Panelists address issues facing dealers at GATS

Updated Aug 25, 2017

Panelist members at GATSDuring a panel comprised of the five Successful Dealer Award finalists Thursday at the Great American Trucking Show in Dallas, dealer leaders said they are seeing an uptick in business in 2017 and expressed hopes that will continue.

“We sell to a couple of large fleets, and in the past, they would begin trimming back, but right now we are seeing strong orders from the fleets,” said Rick Reynolds, owner of Peach State Truck Center.

The group discussed several topics, good and bad, that the sales industry is facing. But, Four Star Freightliner Dealer Principal Jerry Kocan said the franchise locations have positioned themselves well.

“Franchised dealers are the first ones to add technology, we are the first to train our people and we take care of our customers with that. That’s a huge competitive advantage,” Kocan said.

Paul Burk, vice president of Doggett Freightliner, said that meeting customer’s needs quickly is more important now than ever before.

“We are always looking to get our customers in and out. The quicker we get them out, the better it is for that fleet owner and customer,” he said.

The panelists all agreed that finding, training and keeping technicians remains an issue. But, they all echoed the sentiment that younger techs entering the field seem to embrace the advances in technology being used in the shops.

“We want to stay ahead of training. It’s an investment, but it’s one that pays off. You can get a customer for life, or at least for the year,” Kocan joked.

“There is a computer in every bay. It is not the old days when a greasy tech is under the truck.

These technicians now are ready for it.”

Reynolds agreed.

“The technology is getting to where it makes the techs more comfortable and they enjoy it,” he said.

CIT Trucks President Erick Miner said implementations in the shops prepare the newest generation of techs for what they need to service customers.

“They know they are coming into a modern shop and they really desire it,” he said.

Finding those techs and keeping them is another issue.

“We have full time recruiters in the high schools and tech schools. It is a bit different mindset with the younger guys,” he said. “We fight turnover more than we would like. If you are recruiting, you can find some guys, the question is if you can keep them.
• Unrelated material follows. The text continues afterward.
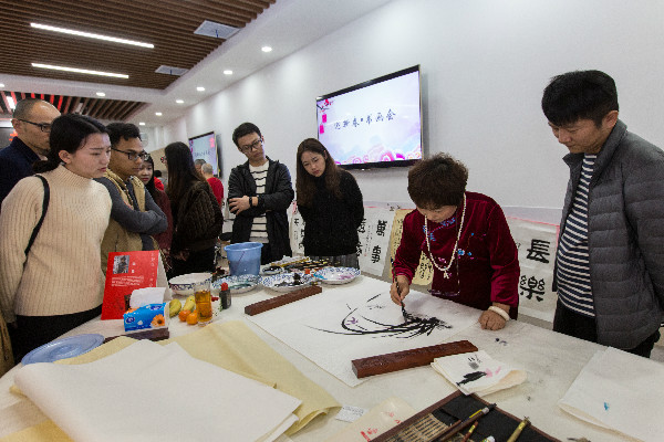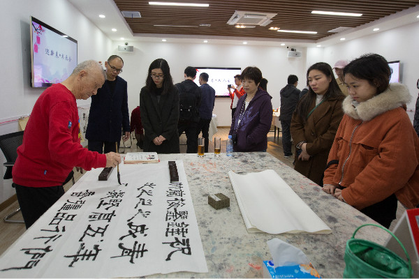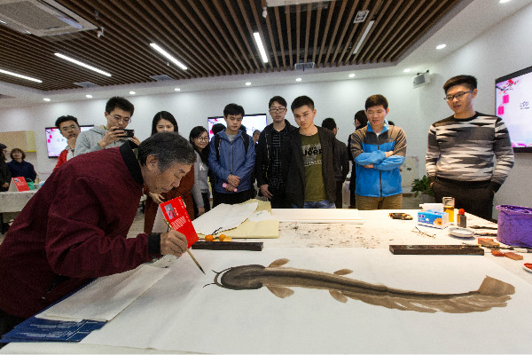 深漂藝術(shù)家魏治平老師在創(chuàng)作的間隙,為大家講述了書畫的精神內(nèi)涵以及在新時(shí)代下他對書畫的理解,生動(dòng)地將“青春踐行十九大”、“幸福都是奮斗出來的”、“逢山開路遇水架橋”等文字融入自己的書畫創(chuàng)作中,令在場的青年員工受益匪淺。

It is a lucrative career if that’s the path they desire.”

“This generation is a little different,” Kocan said.

“They told us to shut up, keep your head down and keep working. Today, these kids want to see what the end game is. Every time they get a certification we give them something. We want to reinforce them with something positive.”
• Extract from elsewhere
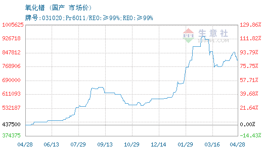 - 04-274月27日生意社氧化镨基准价为825000.00元/吨

Burk said the industry, as a whole, needs to do a better of job selling itself to the incoming workforce.

“As an industry, we need to do better as a whole selling our industry,” he said. “The opportunities are there for good technicians willing to work. It is a very lucrative industry.”
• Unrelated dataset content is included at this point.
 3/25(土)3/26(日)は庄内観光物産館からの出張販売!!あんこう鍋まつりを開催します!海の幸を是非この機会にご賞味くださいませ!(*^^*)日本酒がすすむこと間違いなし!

Reynolds said that’s not always easy.

“No matter how good we sell it, we have a smaller group to preach to. People today are just not interested like they used to be,” Reynolds said.

The group also stressed the importance of using the latest marketing tools such as social media, but said the one key remains the same as always in the past.

“It’s still a relationship business,” Burk said. “Everyone needs to have a relationship. I go out and see customers every week. I want them to know everyone at that customer’s location.”

Kocan said working with your own staff is as equally important.

“Building a strong culture comes down to your employees. Talk to them, communicate with them, let them know we want to hear their ideas and we are interested in their development,” he said.